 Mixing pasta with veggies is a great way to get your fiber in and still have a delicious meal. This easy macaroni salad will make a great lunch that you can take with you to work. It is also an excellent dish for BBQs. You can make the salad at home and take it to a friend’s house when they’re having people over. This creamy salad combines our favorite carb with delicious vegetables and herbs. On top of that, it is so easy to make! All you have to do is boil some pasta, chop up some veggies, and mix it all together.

---

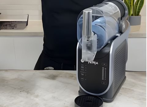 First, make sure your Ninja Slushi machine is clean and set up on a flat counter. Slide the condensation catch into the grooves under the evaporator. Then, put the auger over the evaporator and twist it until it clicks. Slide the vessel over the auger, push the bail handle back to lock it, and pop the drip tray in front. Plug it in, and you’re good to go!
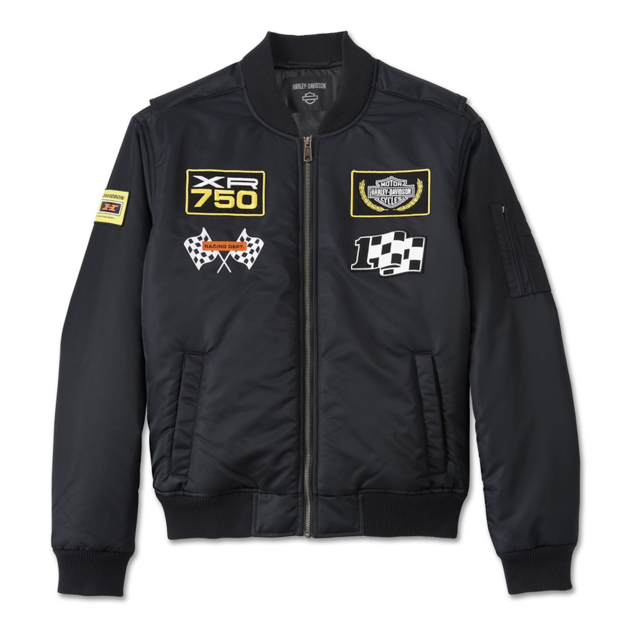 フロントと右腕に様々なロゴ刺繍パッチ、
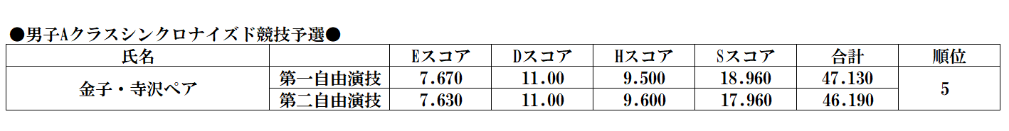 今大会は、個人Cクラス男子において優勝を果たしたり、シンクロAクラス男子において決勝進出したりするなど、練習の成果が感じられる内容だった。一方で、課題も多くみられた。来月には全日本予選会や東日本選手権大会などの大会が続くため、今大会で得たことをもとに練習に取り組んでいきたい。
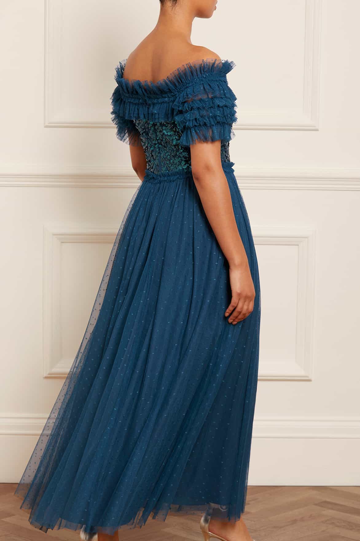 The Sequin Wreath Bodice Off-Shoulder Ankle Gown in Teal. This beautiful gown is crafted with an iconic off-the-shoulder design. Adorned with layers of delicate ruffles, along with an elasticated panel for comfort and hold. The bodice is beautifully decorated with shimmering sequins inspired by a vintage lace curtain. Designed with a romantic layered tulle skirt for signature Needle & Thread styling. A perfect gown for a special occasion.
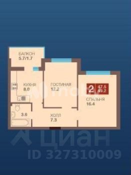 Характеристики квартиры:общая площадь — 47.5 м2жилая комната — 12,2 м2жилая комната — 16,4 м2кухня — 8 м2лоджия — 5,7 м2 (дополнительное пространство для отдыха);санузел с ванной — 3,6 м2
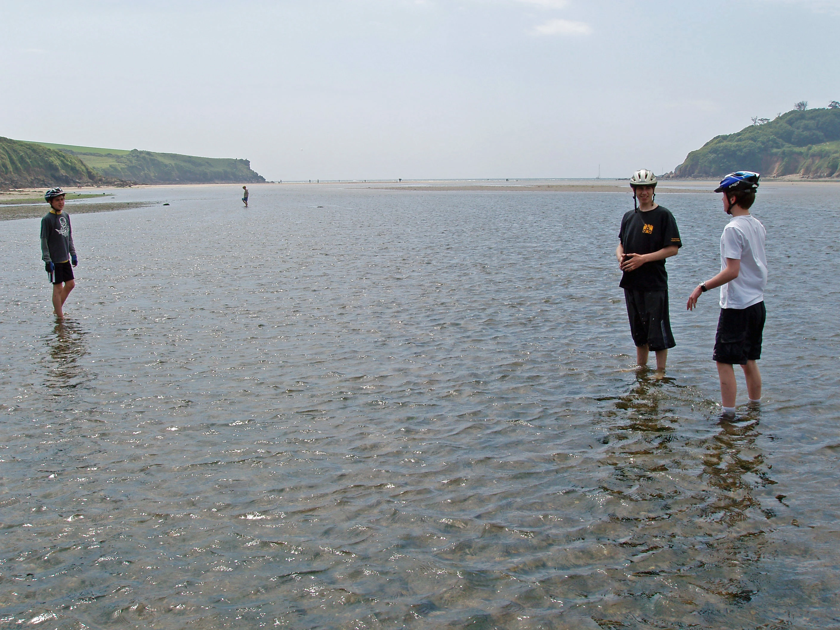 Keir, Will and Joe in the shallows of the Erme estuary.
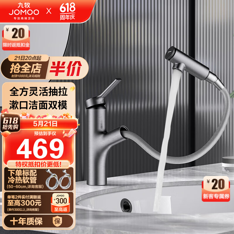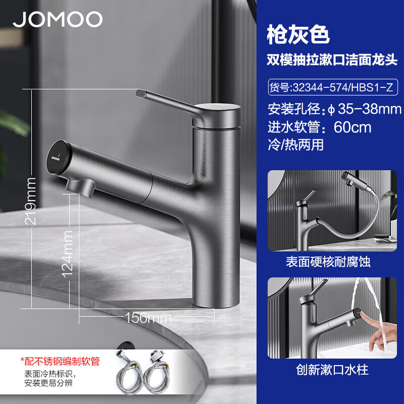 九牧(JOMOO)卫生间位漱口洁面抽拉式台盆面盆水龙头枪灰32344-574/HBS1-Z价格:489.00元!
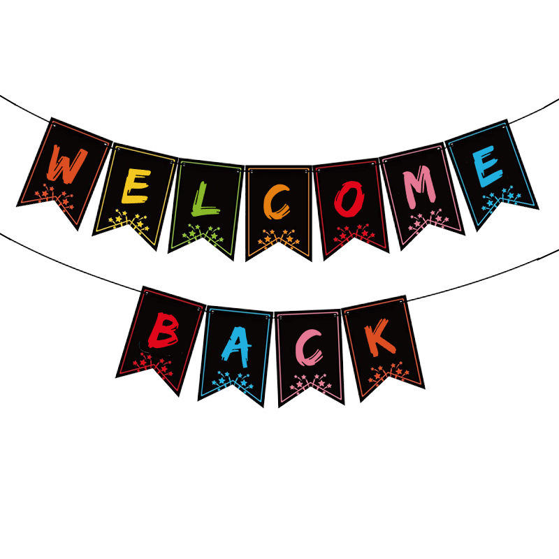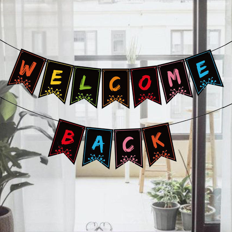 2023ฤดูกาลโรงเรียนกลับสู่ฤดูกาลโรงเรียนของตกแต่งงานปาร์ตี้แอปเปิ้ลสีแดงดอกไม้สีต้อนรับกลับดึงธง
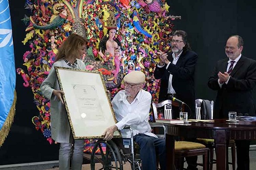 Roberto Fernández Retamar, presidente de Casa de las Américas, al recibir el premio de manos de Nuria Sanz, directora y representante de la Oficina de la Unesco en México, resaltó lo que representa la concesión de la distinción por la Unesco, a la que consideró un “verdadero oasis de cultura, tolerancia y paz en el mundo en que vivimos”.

▸ Aim of the task
Using the listing above, restate exactly the range between the lines holding "今大会は、個人Cクラス男子に" and "2023ฤดูกาลโรงเ", inclusive, with pictures left out.

▸ Task answer
 今大会は、個人Cクラス男子において優勝を果たしたり、シンクロAクラス男子において決勝進出したりするなど、練習の成果が感じられる内容だった。一方で、課題も多くみられた。来月には全日本予選会や東日本選手権大会などの大会が続くため、今大会で得たことをもとに練習に取り組んでいきたい。
 The Sequin Wreath Bodice Off-Shoulder Ankle Gown in Teal. This beautiful gown is crafted with an iconic off-the-shoulder design. Adorned with layers of delicate ruffles, along with an elasticated panel for comfort and hold. The bodice is beautifully decorated with shimmering sequins inspired by a vintage lace curtain. Designed with a romantic layered tulle skirt for signature Needle & Thread styling. A perfect gown for a special occasion.
 Характеристики квартиры:общая площадь — 47.5 м2жилая комната — 12,2 м2жилая комната — 16,4 м2кухня — 8 м2лоджия — 5,7 м2 (дополнительное пространство для отдыха);санузел с ванной — 3,6 м2
 Keir, Will and Joe in the shallows of the Erme estuary.
 九牧(JOMOO)卫生间位漱口洁面抽拉式台盆面盆水龙头枪灰32344-574/HBS1-Z价格:489.00元!
 2023ฤดูกาลโรงเรียนกลับสู่ฤดูกาลโรงเรียนของตกแต่งงานปาร์ตี้แอปเปิ้ลสีแดงดอกไม้สีต้อนรับกลับดึงธง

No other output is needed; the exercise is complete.